Improvements include:

  • The ability to smoothly zoom using multi-touch (pinch) interactions. Previously the application was locked to country and state-wide views. Some of the most important districts in this election are some of the geographically smallest, so this lets us get a better look at them by being able to zoom in all the way to the tiniest districts.
  • Added the ability to pull up any historical race in any office (house, senate, or governor) in any county, state, or district in the last 10 years — from anywhere in the application.
  • More labeling, including more cities and have added county name and district number labels when zoomed in.

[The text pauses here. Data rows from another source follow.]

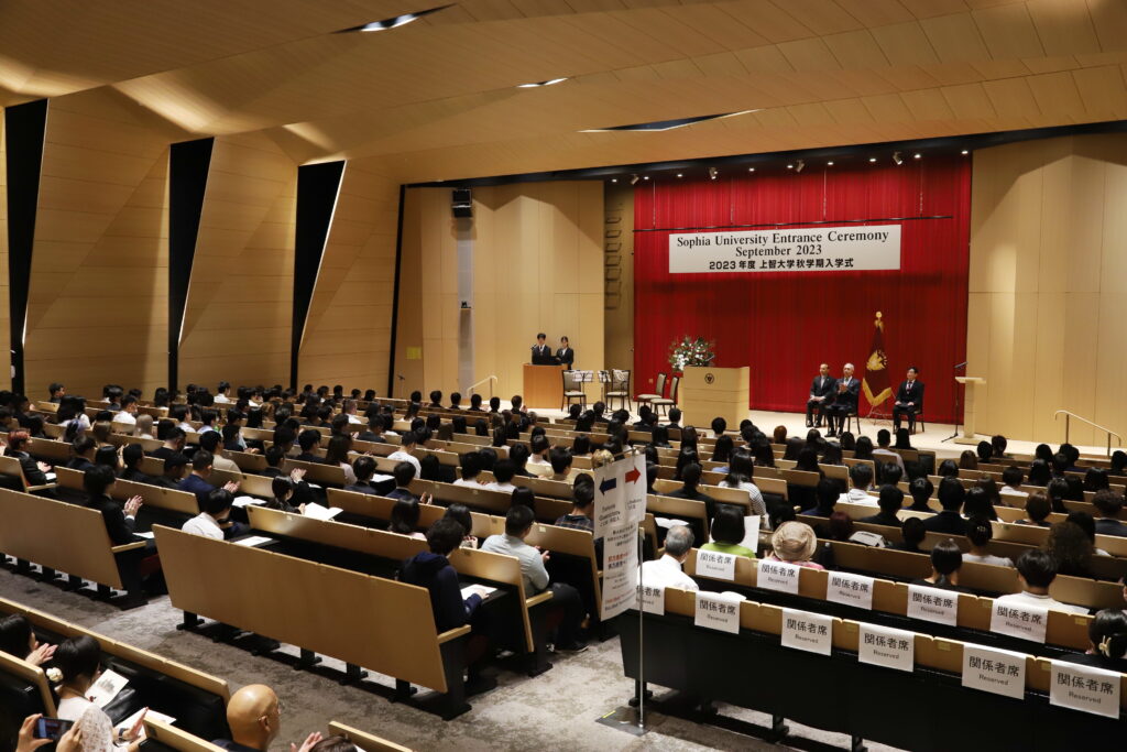 In his welcome speech, Chancellor Augastine introduced a message from a member of the International Campaign to Ban Landmines, a Nobel Peace Prize-winning organization that once visited the university, noting that “the point of studying at a university is not merely to earn a degree, but to become a person who can contribute to solving global issues. To this end, you should not only complete the curriculum and pursue your studies, but also nurture a spirit within marked by freedom, justice, compassion, and wisdom during the years spent at the university. Founded by the Jesuits, the mission of Sophia University is guided by the fundamental value of ” putting the most vulnerable first. Along with Sophia’s educational spirit of ‘For Others, With Others,’ I hope that you will make the most of your time at Sophia University.”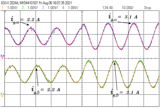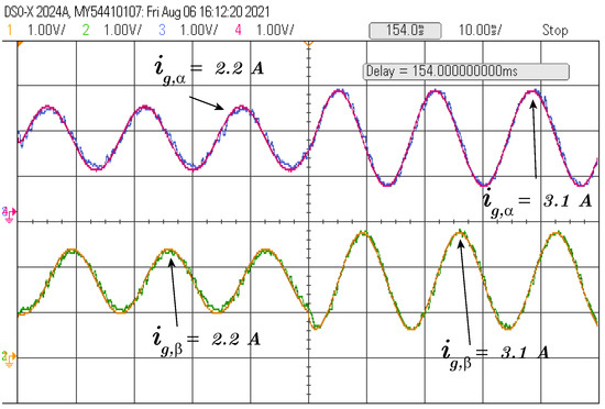 Step test for current () and the reference.The purple line is the alpha current reference and the blue line is the alpha grid current signal. The yellow line is the beta current reference and the green line is the beta grid current signal.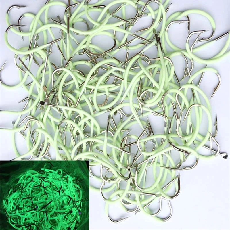 10 шт./лот светящийся Высокоуглеродистый стальной колючий рыболовный крючок 9 #-18 # Нержавеющая кольцевая форма фосфоресцирующий рыболовный ...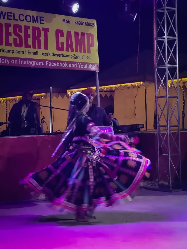 By evening, I reached Ozaki Desert Camp in Sam village, checking in for a comfortable 10th stay that included food—a welcome break from tent life. The camp organized authentic Rajasthani cultural performances: desert folk singing, traditional dances with ghungroos and dholak rhythms, bright turbans swirling under lantern light. Me and Bhairava spent the night immersed in Thar Desert heritage, the day’s encounters—from dune schoolboys to village feasts—flowing perfectly into this cultural finale.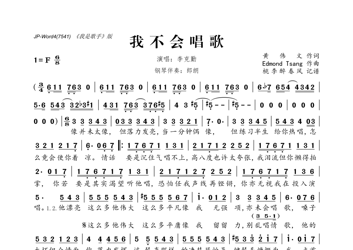 《我不会唱歌》是李克勤演唱的一首歌曲,拍号为6/8拍,这份简谱共有一张高清图谱,图谱由 @桃李醉春风 编配上传。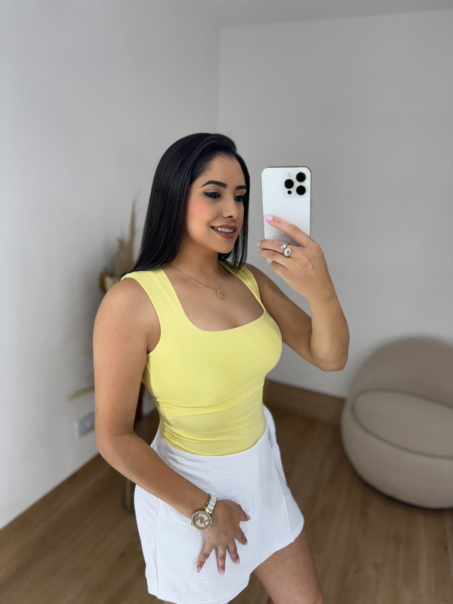body com recorte quadrado, estilo regata e em tecido fluity. Esse tipo de peça é ótimo para um look elegante e confortável, já que o fluity é um tecido leve, macio e com um caimento bonito no corpo.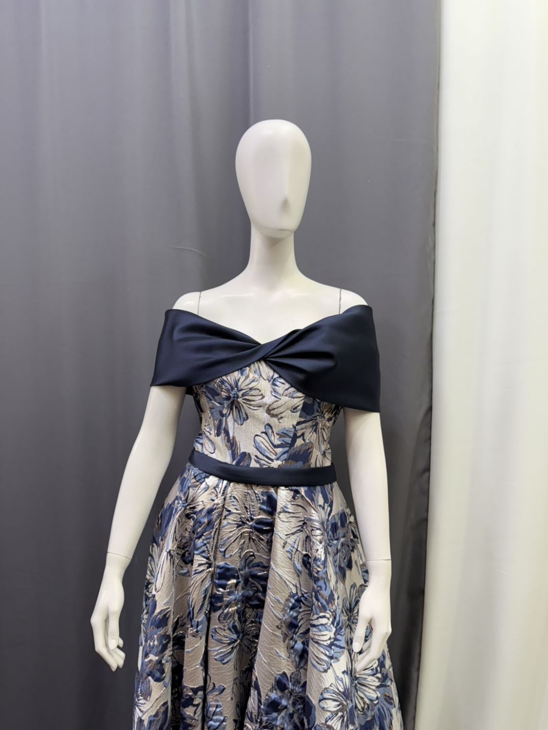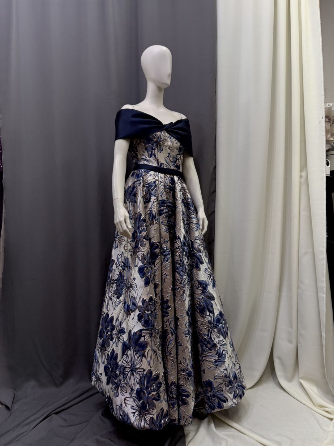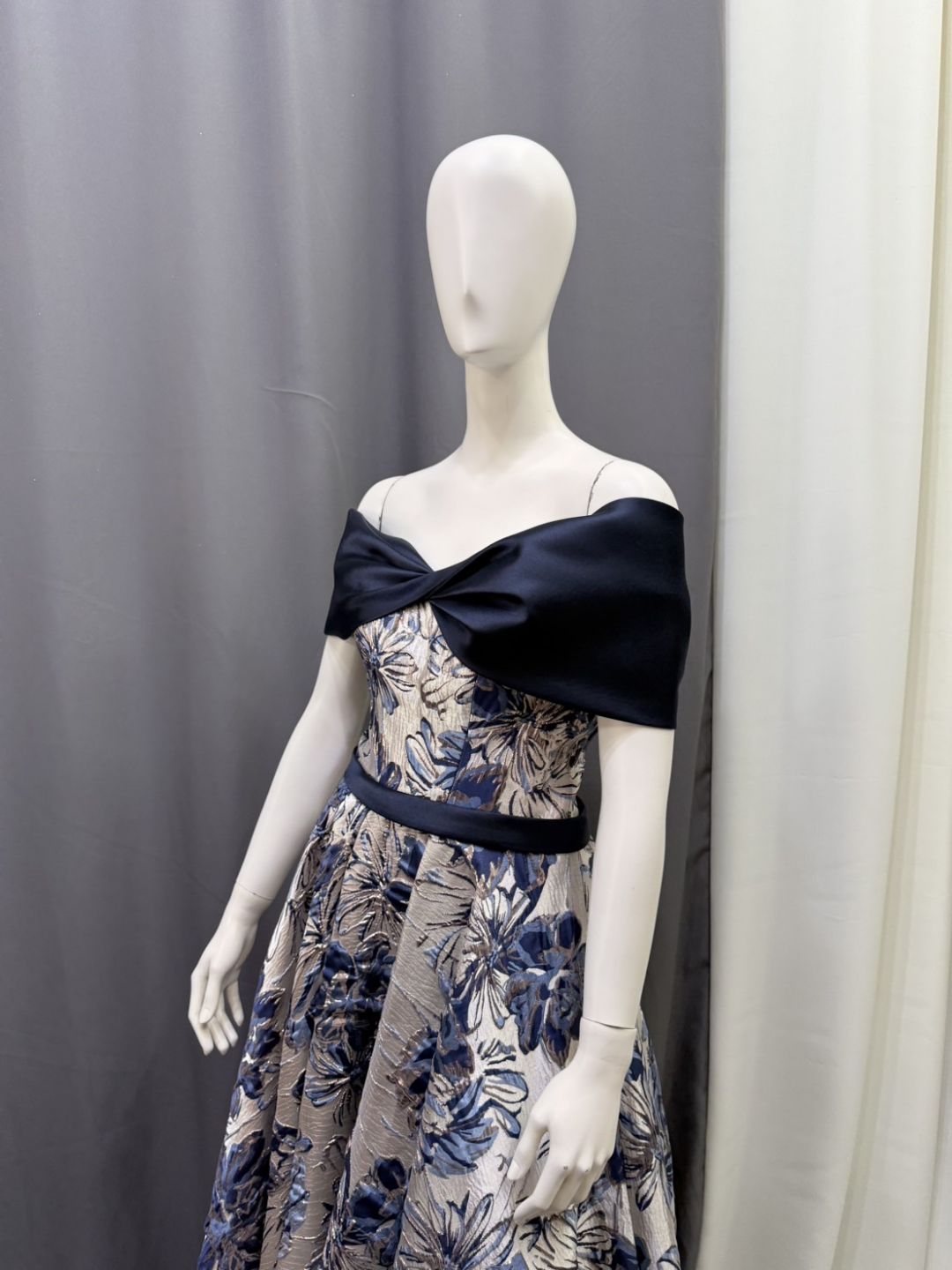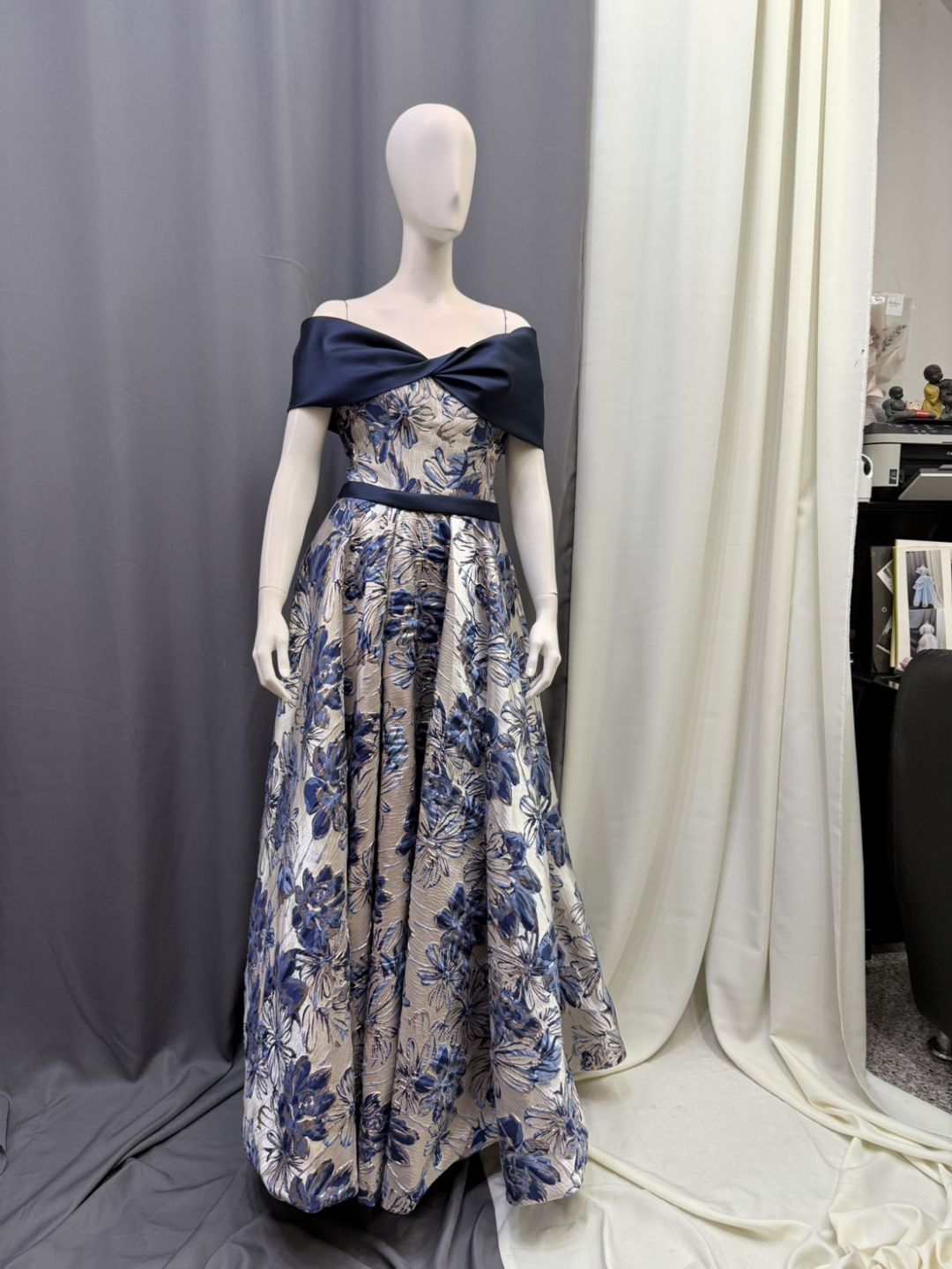 優雅、溫柔,又帶著大氣存在感。立體織紋花朵遍布裙身,像穿上一座藍白花園,披肩領線條修飾肩頸,帶出古典而高級的氣質。大裙擺在行走間自然展開,每一步都典雅、每一回眸都動人。無論是婚宴主桌、拍照、典禮或媽媽服,都是溫柔又不失高貴的完美選擇。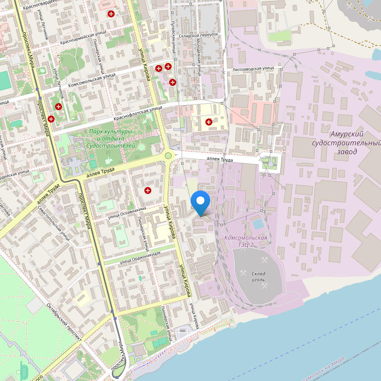Отель расположен в центре Комсомольска-на-Амуре. Рядом с отелем находится парк и набережная реки Амур.
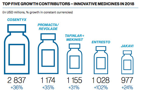 Aunque si se pone la lupa en la performance del 2018 en comparativa con la del año anterior, Entresto fue la gallina de los huevos de oro. El producto, indicado para insuficiencia cardíaca, exhibió una suba del 102% en ingresos medidos en moneda constante.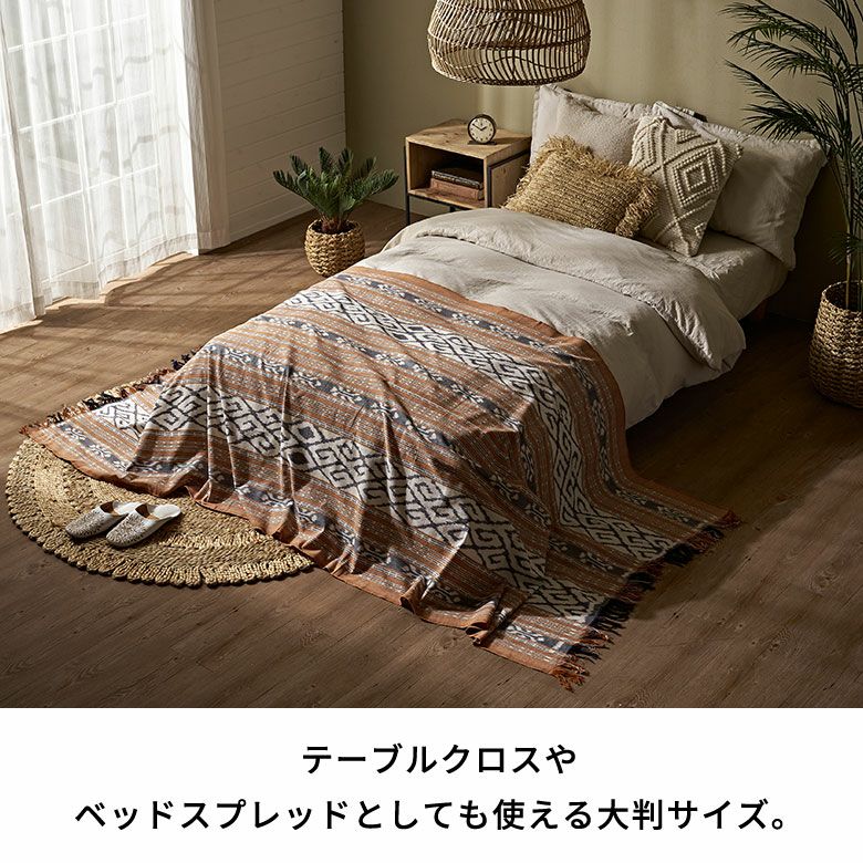 クロス フリンジ付き バリ ソファ ベッド テーブル 椅子 店舗 カフェ レストラン ハンドメイド 手仕事 テーブルセンター トライバル リビング ダイニング 寝室 玄関 ギフト プレゼント イカット タペストリー ウォールデコレーション 約 W 234cm D 115cm H 0.2cm 布 ファブリック コットン 綿 テーブルクロス テーブルランナー テーブルライナー ベッドスプレッド 壁掛け 壁飾り モダン エスニック おしゃれ 北欧 リゾート 雑貨 インテリア アジアン [14045-e]
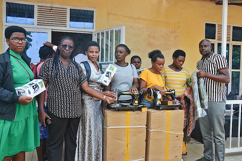Umuyobozi Nshingwabikorwa w'Akarere ka Nyarugenge Wungirije, Madamu Uwamahoro Genevieve ari kumwe n'Umufatanyabikorwa DUHAMIC ADRI bashyikirije urubyiruko rugera kuri 540 rwafashijwe kwiga imyuga mu Karere kacu ka Nyarugenge ibikoresho by'imyuga birimo: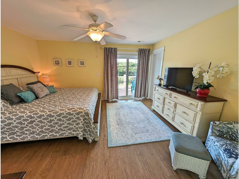 The first bedroom on this level includes a king-size bed with a new mattress, a private bath, and access to a covered deck on the street side of the property.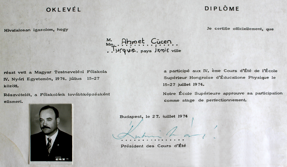 | Macaristan Spor Akademisi’nden aldığı diploma. |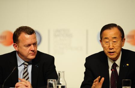 UN Secretary-General Ban Ki-moon (L) and Danish Prime Minister Lars Lokke Rasmussen attend the opening ceremony of the high-level segment of UN Climate Change Conference in Copenhagen, capital of Denmark, Dec.15, 2009. (Xinhua/Wu Wei)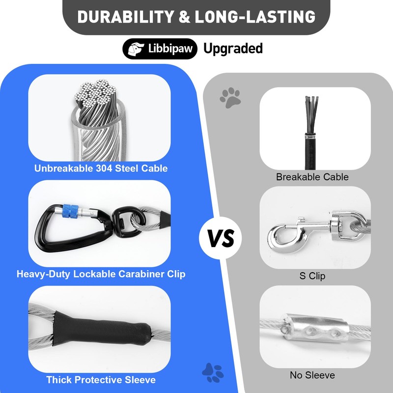- Chew-Proof Steel Core: Galvanized carbon steel dog tie out cable with vinyl armor resists sharp teeth and weather. Reinforced abrasion sleeve prevents fraying for years of heavy-duty use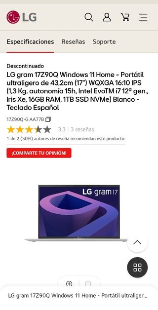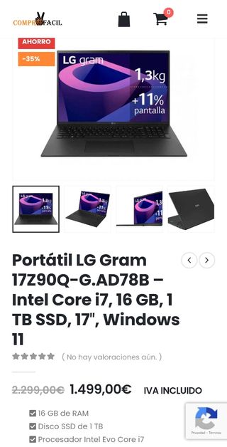 Portátil LG Gram 17Z90N 16RAM 500GB SSD

  • A new “Kornacki scorecard” view which is a visualization of how 60 of the most important races are doing over the course of the night.
  • Kornacki’s house scorecard also includes the built-in ability to launch “what if” mode as election results roll in — allowing Kornacki to game out different scenarios of how the night will go across up to 60 of his most important races.
  • The scorecard also has the ability to display different “buckets”— places where Trump won by less than 10 percent, places where incumbents are leaving and other key races, allowing Kornacki to visualize many different stories that may emerge on election night.
  • A new “Data Cross-Filter” mode created by Shirley Wu, who is well-known in the data visualization industry. This feature is a multi-filter map that can pull in past election data and census data to graphically show where different types of people live and how they voted in past elections. Specifically, it’s now tuned to show data from the 2016 presidential election — with the ability to have more data added in the future.

All of this has been built using web technologies such as HTML, CSS, JavaScript and D3, something NBC believes is an industry first.

This allows the visualizations to be used on air as well as embedded on the network’s web properties. 

Although the network isn’t offering a full fledged version of the tool to viewers, it is offering what it’s calling a “miniature” version on the NBCNews.com website that lets viewers “flip” districts on the House map to see what’s required to bring the minority party into power or to keep the controlling party in power.